The implication raised repeatedly: process change precedes culture change, not the reverse.
AlphaX perspective (Sammy Haroon): In upstream and subsurface workflows, AI forces a collapse of traditional review chains into fewer, higher-accountability decision points.
2. Real AI Value Is Measured in Decision Quality and Speed
Panelists converged on the idea that AI success should not be measured by models deployed or dashboards built, but by faster, higher-confidence decisions.
Examples ranged from drilling and production optimization to portfolio and capital allocation.
Several speakers emphasized measurable outcomes: reduced uncertainty, improved asset performance, and economic uplift.
AlphaX perspective: AI creates value when it reduces uncertainty early enough to change a decision—not when it merely confirms one.
3. AI Augments Expertise — It Does Not Replace It
Across operators, service companies, and technology providers, the panel emphasized that AI does not eliminate domain expertise.
Instead, AI removes low-leverage intermediary work: manual analysis, repetitive interpretation, and slow consensus loops.
Subject-matter experts remain essential, but their role shifts toward judgment and oversight.

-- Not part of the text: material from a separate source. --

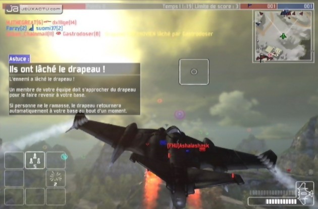 Fort heureusement, Warhawk tire toute sa force grâce à son action trépidante et à un choix relativement varié de véhicules en tout genre. Jeeps, tanks, tourelles de défense, engins volants (Warhawk et Némésis) ou bien à pieds, peu importe le moyen de déplacement, le joueur est opérationnel pour faire la guerre au voisin. Compte-tenu de la taille assez démesurée des cartes, ce sont les deux véhicules aériens qui sont immédiatement pris d’assaut par les joueurs. D’aspect différent, le Warhawk et le Némésis présente en réalité les mêmes fonctionnalités en matière de maniabilité, seuls le type d’armes changent. Grâce à leurs commandes avancées, ce sont évidemment les appareils les plus complets, capables aussi bien de venir en renfort envers d’autres unités, que de lancer un assaut en solo à la base ennemie. Leur comportement et la maniabilité des avions étant très souple, le joueur est capable d’esquiver la moindre attaque sans trop de difficulté. Le stick analogique droit permet en effet à l’engin de réaliser des figures aériennes assez impressionnantes, permettant par la même occasion d’échapper à un missile, même à tête chercheuse. Autre distinction de ces engins volants : ils ont la faculté de passer en vol stationnaire en appuyant sur le bouton Triangle. Cela permet ainsi par exemple d’éliminer des fantassins qui auraient tendance à rester camper au même endroit, ou bien alors faire le ménage dans le QG de l’ennemi, pendant que ce dernier est en vadrouille sur la carte. Plutôt poilant.

AlphaX perspective: AI increases expert leverage by removing redundant workflow layers, not by replacing engineering judgment.
4. Leadership Accountability Remains Central
A closing theme of the panel was that AI does not absolve leadership responsibility.
Autonomous and agent-based systems still require human accountability.
Transparency, explainability, and governance were repeatedly cited as prerequisites for trust and adoption.
Panel consensus: AI accelerates insight; leaders remain accountable for outcomes, risk, and capital decisions.
FAQ — Additional Panel Topics
How does AI impact workforce skills?
Panelists highlighted the need for AI literacy rather than widespread model development skills, alongside continuous learning and cross-disciplinary thinking.
What slows enterprise AI adoption in the energy industry?
Key barriers discussed included data quality, siloed organizations, resistance to change, and lack of clear economic success criteria.
Is AI following a hype cycle?
Several speakers noted that AI adoption in energy is paced by organizational readiness and risk tolerance, not declining technical value.
Related AlphaX Capabilities
Several themes discussed during the IPTC panel—workflow compression, uncertainty reduction, and accountable AI—are reflected in how AlphaX deploys AI in production environments.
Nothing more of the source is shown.